Bayern Munich's midfielder Xabi Alonso (L) and wife Nagore Aramburu (R) with their two children visited the Oktoberfest beer festival on the Theresienwiese in Munich on October 5, 2014.

There’s lots of folksy fun for everyone including toddlers and pensioners at the world’s largest public festival.

Is it all just about the beer?

By chance, I happened to be in Munich, southern Germany, for this year’s Oktoberfest. Here, I discovered more to the festival than raucously downing litres of amber ale.

We left for the festival with our German hosts who were dressed in traditional garb of dirndl and lederhosen. From squealing toddlers to grizzled pensioners, many were dressed in similar livery, transforming customary peasant-wear to saccharine-sweet leisure wear at the Theresienwiese festival site.

These are the very grounds where the Bavarian Crown Prince Ludwig invited his citizens to celebrate his wedding to Princess Therese in 1810. What began as a royal initiative to engage people is now touted as the world’s largest public festival. Each year, Oktoberfest attracts more than six million revellers.

Beer is only served in one of the 14 beer tents (halls). You must acquire a seat before you are allowed to order the specially brewed six-percent Oktoberfest beers. And you can only get into the tents if you have a reservation - unless you are prepared to queue long before 9am when the doors swing open. Not only were we without reservations, we had no luck gaining entry into several tents, which were packed to overflowing.

Our hosts, however, refused to give up. While we were at the Ochsenbraterei tent, sampling their favourite festival food – shredded roast beef sandwich – we miraculously found ourselves inside the tent. Right in front of the kitchen service area, with a mostly sliced-off ox still turning on a spit.

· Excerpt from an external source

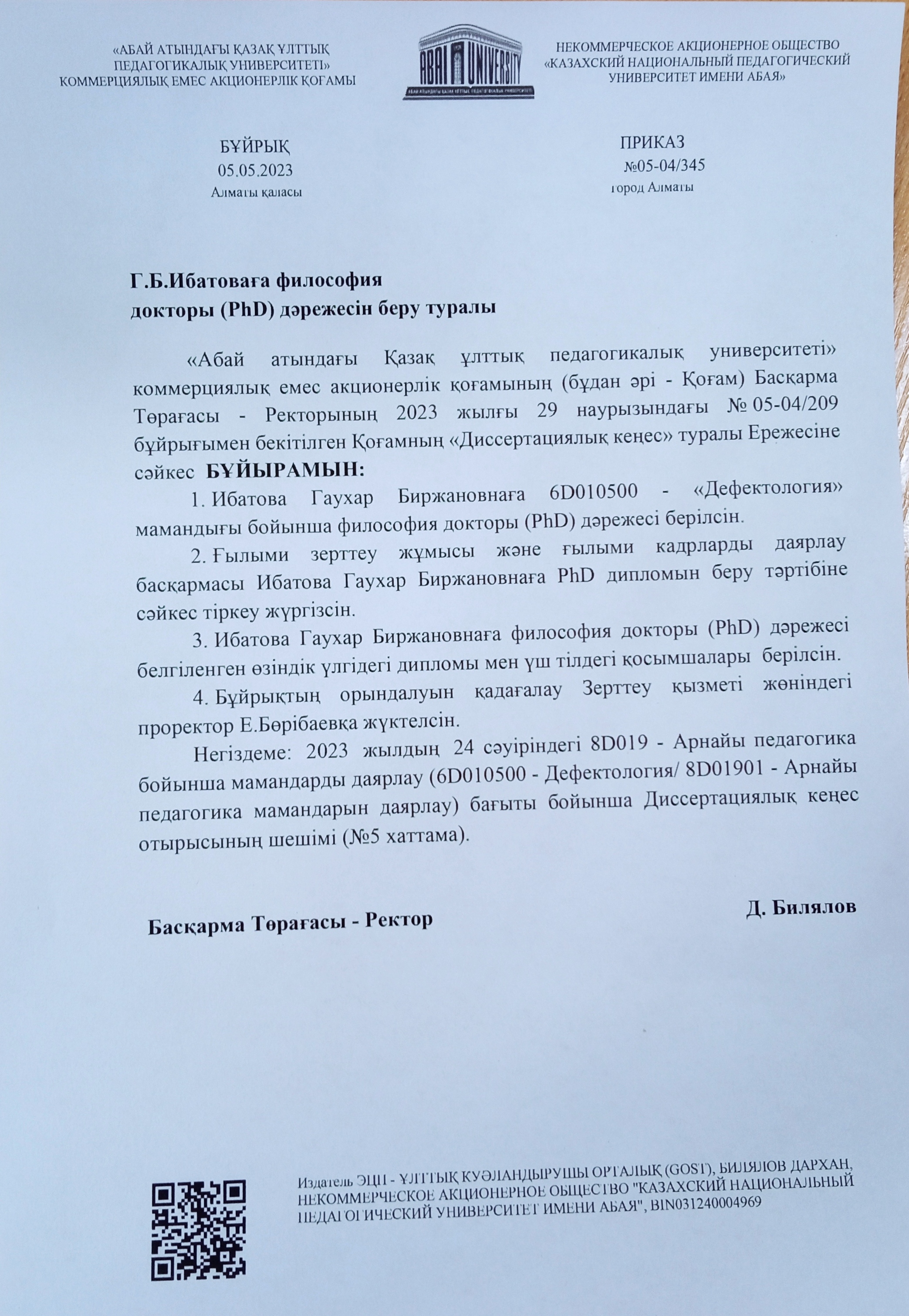 Абай атындағы Қазақ ұлттық педагогикалық университетінде «8D019 - Арнайы педагогика бойынша мамандарды даярлау» («6D010500 - Дефектология»/ «8D01901 - Арнайы педагогика мамандарын даярлау») бағыты бойынша философия докторы (РhD) дәрежесін беру үшін құрылған Диссертациялық кеңесте «6D010500-Дефектология» мамандығы бойынша ізденуші Ибатова Гаухар Биржановнаның «Сөйлеу тілі жалпы дамымаған мектеп жасына дейінгі балалардың сөзжасам дағдыларын дамыту» тақырыбындағы диссертациялық жұмысы қорғалады.
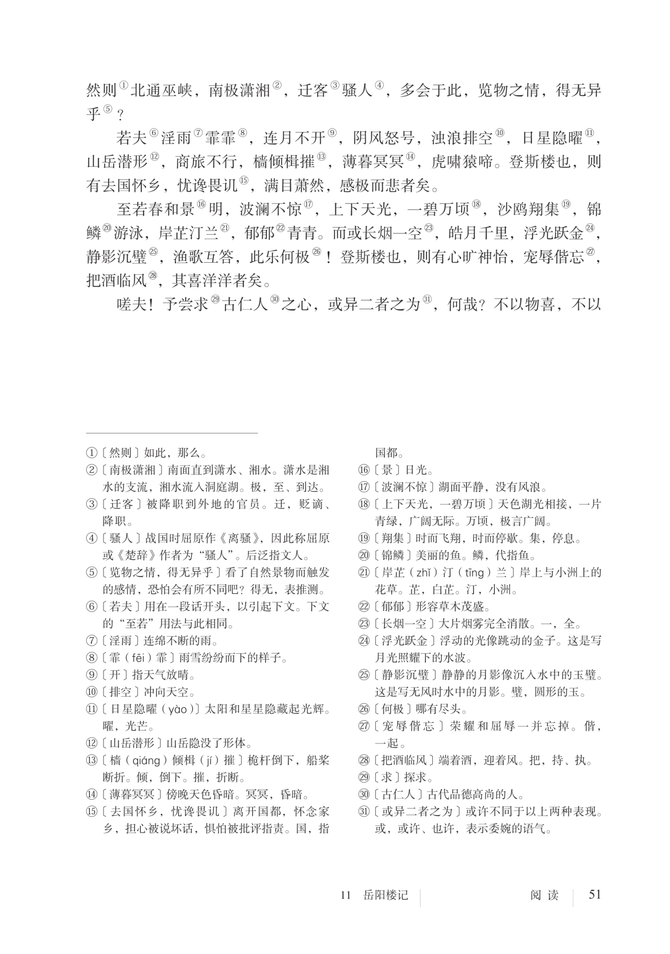 以“若夫”的虚拟语气起笔,含蓄委婉。用一连串的四字短句,层层渲染,渐次铺叙,写天气的恶劣,人心的酸楚,突出了一种悲凉的情境,可谓一幅“洞庭风雨图”,也为下文抒写“迁客骚人”的“感极而悲”蓄势。

While finding a seat proved a monumental task, we could not complain. The tableau unfolding in front of us was unlike anything I had witnessed. Good-natured gaiety, convivial camaraderie and rousing cries of “Prost!” On chairs, tables, balconies and floors, the crowd was dancing and singing along to 1970s and 1980s English hits belted out by the brass band. Buxom barmaids in dirndl wove their way through the throng, singlehandedly carrying up to eight 1-litre mugs of freshly poured beer.

Finally, all four of us squeezed into a bench-table with two Bavarian men, staunch supporters of Bayern Munich, whose young families had gone off to enjoy the fairground. Over frothy beers and enormous salted pretzels, we made new friends. One of the men, a farmer from north of Munich, revealed that he religiously made this pilgrimage every year. And what he loves most about the festival is meeting new people. He also chided us, jokingly calling out “Malaysia!” for not drinking more.

Language was not a barrier, as the conversation and beer flowed at our table. Next to us was a continental cross-cultural attempt at flirtation as a group of young men and women talked, laughed and made eyes at each other. One man proudly walked through the area balancing a mug on his head, pleased at the generous applause. It was so much fun.

After a couple of hours in the tent, we emerged into the fairground, as enticing as a fairyland version. Alongside highly intense and surely scary sky-high rides and roller coasters, more traditional shows like the flea race were pulling in the crowds. We watched two racing fleas, each pulling a minute copper cart, inside a stuffy tent.

A slap-stick magic show included a “beheading”. The most fun was the Toboggan, on its 80th-year run. People were practically jostling one another to get onto this high-speed uphill walk-a-lator (where many people fell flat on their backsides) to the top of a wooden tower, from which they would toboggan down the outside of the tower on a rug.

No one told me that the Oktoberfest was this enjoyable. Rides, shows, contests, candy, nuts and gingerbread hearts amidst much jocularity and flights of whimsy. The revered spirit of the festival has very much been retained for almost two centuries.

The full-on funfair attracts both the young and the aged, the near and far, the old and new. All in celebration of a nation’s pride in its history and culture, holding on unapologetically to its past while in attendance at an ever-evolving present.

Oktoberfest, most certainly, wasn’t just about the beer.